* _DATA BELOW_:
○ ○ ○ ○

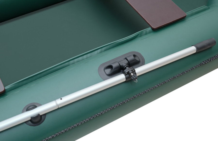 Лодка оснащена леерными поясами, каждый из которых растянут по внешней стороне борта лодки между двух шайб. Данная модель комплектуется разборными веслами с пластиковой фурнитурой и поворотными уключинами.
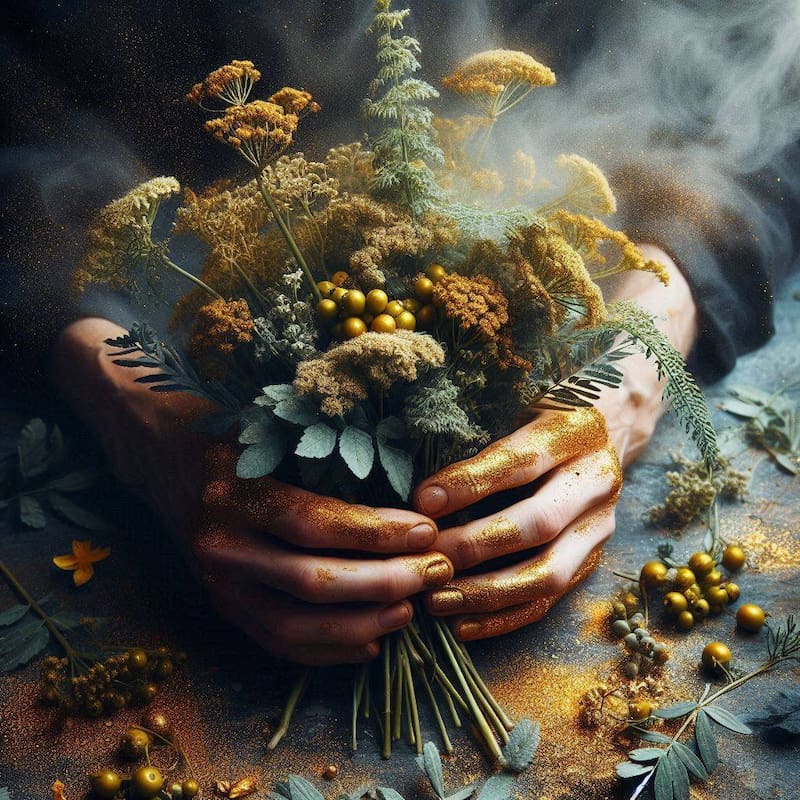 Toma el saquito de tela verde o dorada y colócalo sobre una superficie limpia y tranquila., luego, coloca las ramitas de ruda dentro del saquito, visualizando cómo esta planta poderosa abre los caminos y aleja las malas energías.
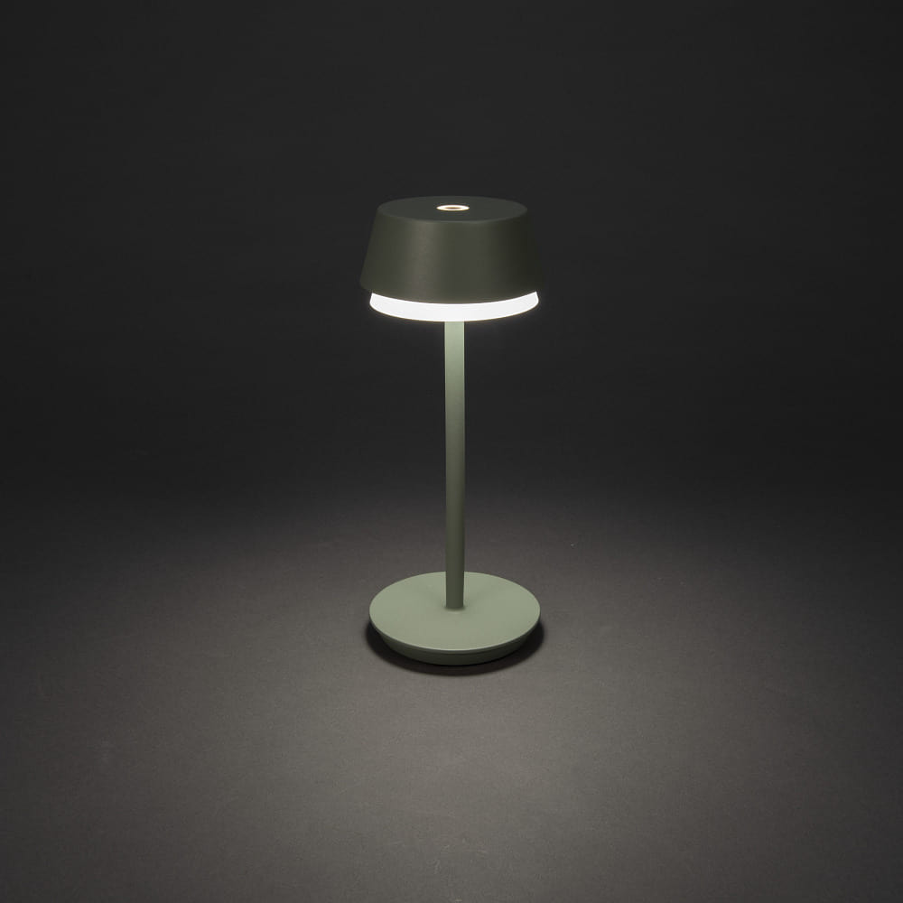 The outdoor LED battery table lamp LYON from Konstsmide is a versatile lighting element that is suitable for both indoor and outdoor use. With a size of Ø/H: 12/30 cm and a weight of 0.567 kg, it is lightweight and easy to handle. The material is made of aluminum and plastic, making the lamp both robust and lightweight.
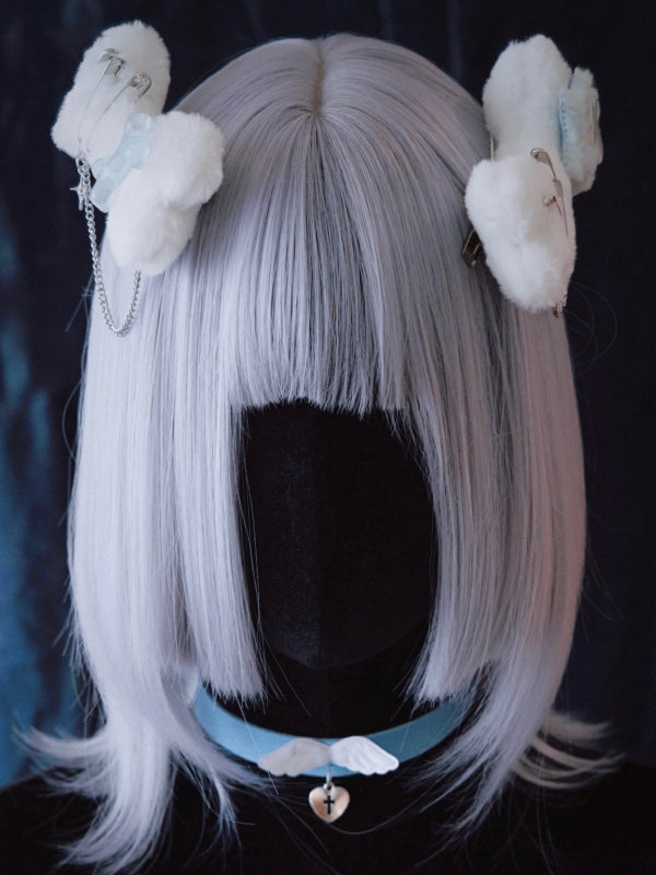 2 Options Star Charm Handmade White Plush Bone Hairclip with Chain

○ ○ ○ ○

* _GOAL OF THE EXERCISE_: Where a picture appears, omit it; otherwise reproduce each line above from the first to the one with "Toma el saquito", inclusive.

* _REPLY_:
 Лодка оснащена леерными поясами, каждый из которых растянут по внешней стороне борта лодки между двух шайб. Данная модель комплектуется разборными веслами с пластиковой фурнитурой и поворотными уключинами.
 Toma el saquito de tela verde o dorada y colócalo sobre una superficie limpia y tranquila., luego, coloca las ramitas de ruda dentro del saquito, visualizando cómo esta planta poderosa abre los caminos y aleja las malas energías.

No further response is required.